On Thursday morning, an international search effort found debris near the Titanic’s location on the ocean floor. Officials later confirmed that the wreckage contained the remains of the submersible, known as the Titan.
“This is an incredibly unforgiving environment on the ocean floor and the debris is consistent with a catastrophic explosion of a ship,” Rear Admiral John Mauger of the US Coast Guard said at a press briefing.
The discovery of Titan’s remains has ended a frantic four-day search to locate the ship, after it lost contact with its surface ship, HMS Polar Prince, on Sunday morning.
The ship’s operator Oceangate confirmed that five people on board – its chief executive Stockton Rush, Pakistani businessman Prince Dawood and his son Sulaiman Dawood, British businessman Hamish Harding and Paul-Henri Nargiolet, a French explorer – were presumed dead.
“Now we believe (them). , , Tragically, they have been lost,” the company said in a statement. “These men were true explorers with a distinctive spirit of adventure and a deep passion for exploring and protecting the world’s oceans.”
A remotely operated vehicle launched from the Horizon Arctic ship as part of the search operation detected the Titanic’s nose cone on Thursday morning, located approximately 1,600 feet from the Titanic’s bow.
The ROV later found a large debris field containing the forward end of the ship’s pressure hull. The aft end of the hull was later discovered in another small debris field.
Search and rescue teams were in a race against time to track down the Titan within 96 hours of its launch—the time period when the crew would still have had oxygen if the ship had remained intact.
A glimmer of hope appeared for the search effort on Wednesday after patrol planes detected an underwater noise, prompting rescuers to refocus their search efforts. But the Coast Guard said Thursday that there does not appear to be a connection between the wreckage’s location and the sounds.
Mauger said the tragedy could have happened before the rescue effort could begin because sonar surveillance of the area revealed no signs of an explosion during the search.
“We know that as we have been conducting this search during and after the last 72 hours, we have received sonar buoys almost continuously in the water and no catastrophic events have been detected while those sonar buoys were in the water. It’s gone, Mauger said on Thursday.

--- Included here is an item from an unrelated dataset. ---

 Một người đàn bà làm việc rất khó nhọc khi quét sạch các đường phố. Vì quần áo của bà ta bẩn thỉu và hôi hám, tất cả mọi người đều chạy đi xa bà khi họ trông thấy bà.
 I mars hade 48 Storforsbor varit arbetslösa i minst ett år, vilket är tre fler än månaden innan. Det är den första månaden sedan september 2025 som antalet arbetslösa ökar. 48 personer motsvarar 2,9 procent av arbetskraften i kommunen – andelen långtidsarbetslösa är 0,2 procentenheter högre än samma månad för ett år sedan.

According to Carl Hartsfield of the Woods Hole Oceanographic Institution, who assisted with the search, the location of the wreckage suggests that there was no collision with the wreckage of the liner.

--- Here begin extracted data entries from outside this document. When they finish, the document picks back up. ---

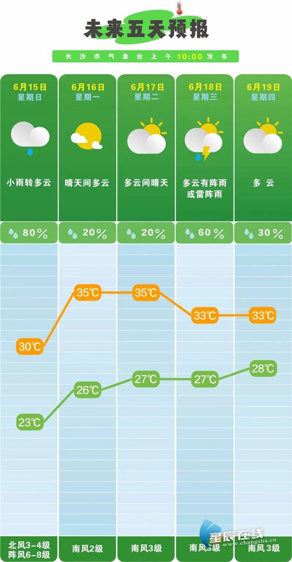 气象部门提醒,未来一周长沙晴雨相间,气温起伏较大,市民朋友明天早上出门记得带好雨具。降雨可能会对交通出行造成不便,大家要提前规划行程,注意交通安全。另外,后期温度会达到 35℃,请做好防暑降温措施,避免中暑,户外工作时要及时补充水分。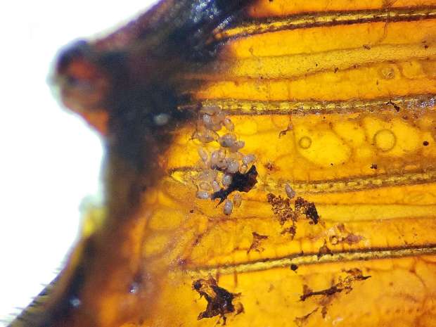 Fig 2. Ácaros foréticos en lase de los élitros de un picudo rojo de las palmeras./ C. Pradera 06-2024
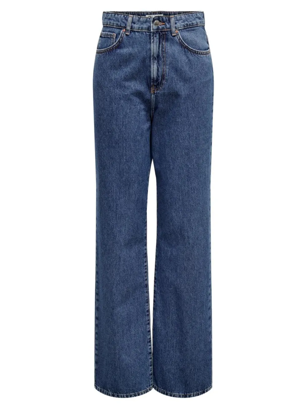 Jeans fra Only i medium blå denim. De har en løs pasform med lige, brede ben og almindelig taljehøjde. Bukserne er fremstillet i ensfarvet denim.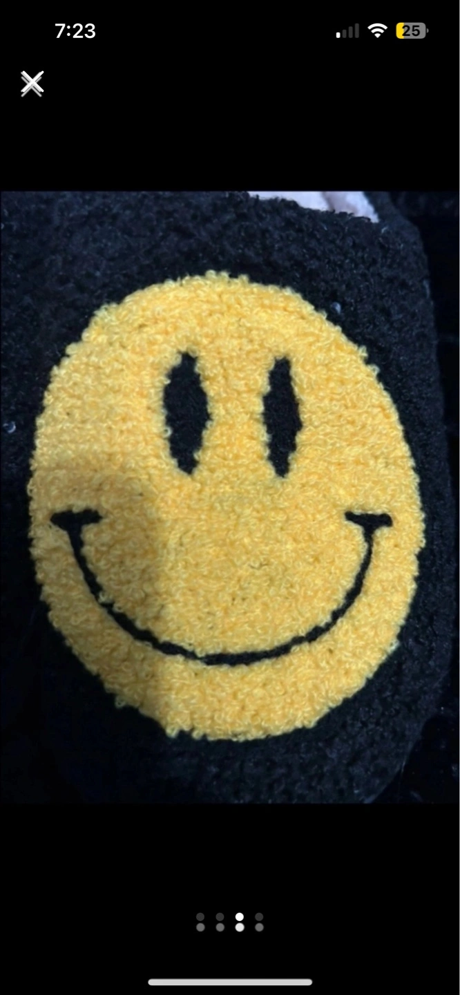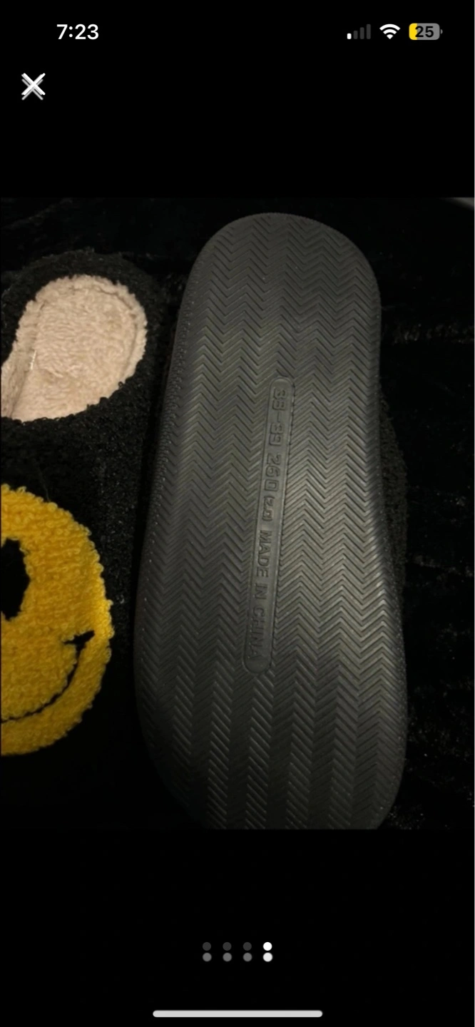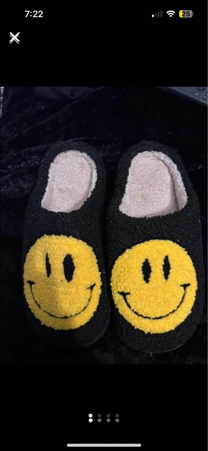 Black fuzzy slippers with yellow smiley faces. Soft interior. Good for lounging.

The search operation will continue in the coming days to locate the wreckage on the ocean floor using an ROV to determine the chronology of events. The investigation of this tragedy is also expected to be announced.
“This was an incredibly complex case and we are still working to develop the details of the timeline associated with this accident and response,” Mauger said.
“We will continue to investigate the wreckage area and I know there are many questions about why and when this happened,” he added. “These are questions about which we will now gather as much information as possible while governments are meeting and discussing what an investigation into an accident of this nature might look like.”